Гранулят после его получения путем переработки геля смешивают с равной массой свежеполученной губчатой ткани в стерильных условиях.
Пример 6
Пищевой желатин в количестве 10 г взбалтывают в течение 30 мин в 100 мл 2% водного раствора тауролидина, содержащего 5% поливинилпирролидона (ПВП).
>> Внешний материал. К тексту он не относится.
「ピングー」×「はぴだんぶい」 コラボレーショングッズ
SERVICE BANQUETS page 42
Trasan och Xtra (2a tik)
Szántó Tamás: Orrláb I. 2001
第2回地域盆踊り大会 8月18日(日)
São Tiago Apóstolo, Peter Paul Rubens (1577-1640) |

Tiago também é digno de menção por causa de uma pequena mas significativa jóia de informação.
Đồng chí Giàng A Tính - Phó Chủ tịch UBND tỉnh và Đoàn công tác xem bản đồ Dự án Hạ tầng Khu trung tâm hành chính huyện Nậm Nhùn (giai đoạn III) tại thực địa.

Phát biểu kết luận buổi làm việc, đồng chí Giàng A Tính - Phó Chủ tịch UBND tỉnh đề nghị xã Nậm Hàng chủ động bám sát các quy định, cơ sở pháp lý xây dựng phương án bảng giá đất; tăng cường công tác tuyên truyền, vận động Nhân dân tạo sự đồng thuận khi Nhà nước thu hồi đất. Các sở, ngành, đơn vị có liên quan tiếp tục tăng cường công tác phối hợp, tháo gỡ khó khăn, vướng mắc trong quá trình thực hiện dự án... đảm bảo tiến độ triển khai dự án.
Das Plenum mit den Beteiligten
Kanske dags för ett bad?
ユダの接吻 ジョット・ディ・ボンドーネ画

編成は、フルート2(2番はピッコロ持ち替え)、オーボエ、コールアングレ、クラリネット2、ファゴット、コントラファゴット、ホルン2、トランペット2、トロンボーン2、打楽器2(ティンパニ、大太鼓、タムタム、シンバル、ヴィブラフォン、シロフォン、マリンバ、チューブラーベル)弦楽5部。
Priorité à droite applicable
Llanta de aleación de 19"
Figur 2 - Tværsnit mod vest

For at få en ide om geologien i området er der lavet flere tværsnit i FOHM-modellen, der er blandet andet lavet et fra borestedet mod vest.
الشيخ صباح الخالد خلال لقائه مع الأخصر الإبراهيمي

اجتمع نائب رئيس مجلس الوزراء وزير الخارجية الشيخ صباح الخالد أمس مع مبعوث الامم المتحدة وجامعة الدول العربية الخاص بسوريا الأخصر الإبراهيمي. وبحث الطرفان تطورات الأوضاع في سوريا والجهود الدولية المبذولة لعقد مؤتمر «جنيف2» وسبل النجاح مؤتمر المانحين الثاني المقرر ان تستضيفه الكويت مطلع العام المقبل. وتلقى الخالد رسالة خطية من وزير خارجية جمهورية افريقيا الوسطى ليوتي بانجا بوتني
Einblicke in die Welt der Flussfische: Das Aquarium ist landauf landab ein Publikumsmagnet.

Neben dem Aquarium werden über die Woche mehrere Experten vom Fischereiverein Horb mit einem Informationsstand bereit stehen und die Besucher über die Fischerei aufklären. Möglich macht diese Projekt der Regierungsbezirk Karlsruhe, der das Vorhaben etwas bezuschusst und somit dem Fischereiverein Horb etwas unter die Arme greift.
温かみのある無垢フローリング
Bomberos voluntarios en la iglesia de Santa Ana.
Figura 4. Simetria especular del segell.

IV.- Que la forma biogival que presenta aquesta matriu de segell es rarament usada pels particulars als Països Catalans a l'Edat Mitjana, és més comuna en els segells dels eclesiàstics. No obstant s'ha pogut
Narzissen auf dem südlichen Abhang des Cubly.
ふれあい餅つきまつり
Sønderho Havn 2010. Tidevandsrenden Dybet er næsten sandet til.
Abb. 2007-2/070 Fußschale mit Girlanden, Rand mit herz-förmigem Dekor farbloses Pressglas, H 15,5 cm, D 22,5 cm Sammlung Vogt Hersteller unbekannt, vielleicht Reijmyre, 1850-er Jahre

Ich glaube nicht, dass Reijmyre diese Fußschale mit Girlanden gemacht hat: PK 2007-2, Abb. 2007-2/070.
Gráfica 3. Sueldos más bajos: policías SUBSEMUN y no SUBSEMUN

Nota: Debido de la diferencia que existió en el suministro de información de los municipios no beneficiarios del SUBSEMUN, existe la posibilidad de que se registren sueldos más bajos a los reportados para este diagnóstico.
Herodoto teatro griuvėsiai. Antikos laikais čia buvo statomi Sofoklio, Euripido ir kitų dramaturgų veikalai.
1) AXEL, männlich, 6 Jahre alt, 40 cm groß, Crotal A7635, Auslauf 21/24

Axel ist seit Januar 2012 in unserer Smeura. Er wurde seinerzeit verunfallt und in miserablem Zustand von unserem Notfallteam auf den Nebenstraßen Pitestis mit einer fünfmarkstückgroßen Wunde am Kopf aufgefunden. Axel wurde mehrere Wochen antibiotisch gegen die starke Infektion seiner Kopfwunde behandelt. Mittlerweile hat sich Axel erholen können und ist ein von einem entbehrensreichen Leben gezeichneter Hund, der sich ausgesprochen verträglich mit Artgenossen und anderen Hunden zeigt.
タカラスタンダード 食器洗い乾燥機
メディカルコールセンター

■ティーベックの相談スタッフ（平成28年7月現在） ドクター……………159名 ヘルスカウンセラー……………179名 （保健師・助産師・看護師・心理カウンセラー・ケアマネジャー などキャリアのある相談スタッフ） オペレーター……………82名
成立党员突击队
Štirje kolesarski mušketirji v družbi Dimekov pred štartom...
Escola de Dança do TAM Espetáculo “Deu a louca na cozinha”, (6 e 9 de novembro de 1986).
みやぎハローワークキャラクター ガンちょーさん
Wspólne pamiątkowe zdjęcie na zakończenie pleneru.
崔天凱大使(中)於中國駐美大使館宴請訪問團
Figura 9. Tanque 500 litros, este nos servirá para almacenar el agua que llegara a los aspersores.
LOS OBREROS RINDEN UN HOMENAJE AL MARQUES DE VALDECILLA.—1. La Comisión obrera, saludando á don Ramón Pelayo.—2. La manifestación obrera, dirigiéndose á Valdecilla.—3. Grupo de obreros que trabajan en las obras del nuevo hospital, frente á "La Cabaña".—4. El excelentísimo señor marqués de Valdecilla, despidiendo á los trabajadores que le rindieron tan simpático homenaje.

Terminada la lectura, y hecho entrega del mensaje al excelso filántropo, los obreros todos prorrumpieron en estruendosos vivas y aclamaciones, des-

Величину pH доводят до 7,0 с помощью 25% водного раствора NaOH. Добавляют 1 г 36-37% водного раствора формальдегида и смесь взбалтывают еще 5 мин, затем добавляют 25 г кальция фосфорнокислого двузамещенного и перемешивание продолжают до тех пор, пока раствор оставляют остывать.
Гель оставляют по меньшей мере на 4, предпочтительно 4-7, суток, после чего его разрезают на кусочки, размер которых составляет примерно 2×3×3 см, и затем промывают, используя либо раствор (a) «Drainasept»/NaCl, либо (б) раствор лактата Рингера плюс 2% раствор тауролидина, и в каждом случае промывку проводят в течение 4 ч, после чего раствор заменяют и гель промывают в свежем растворе еще в течение 4 ч.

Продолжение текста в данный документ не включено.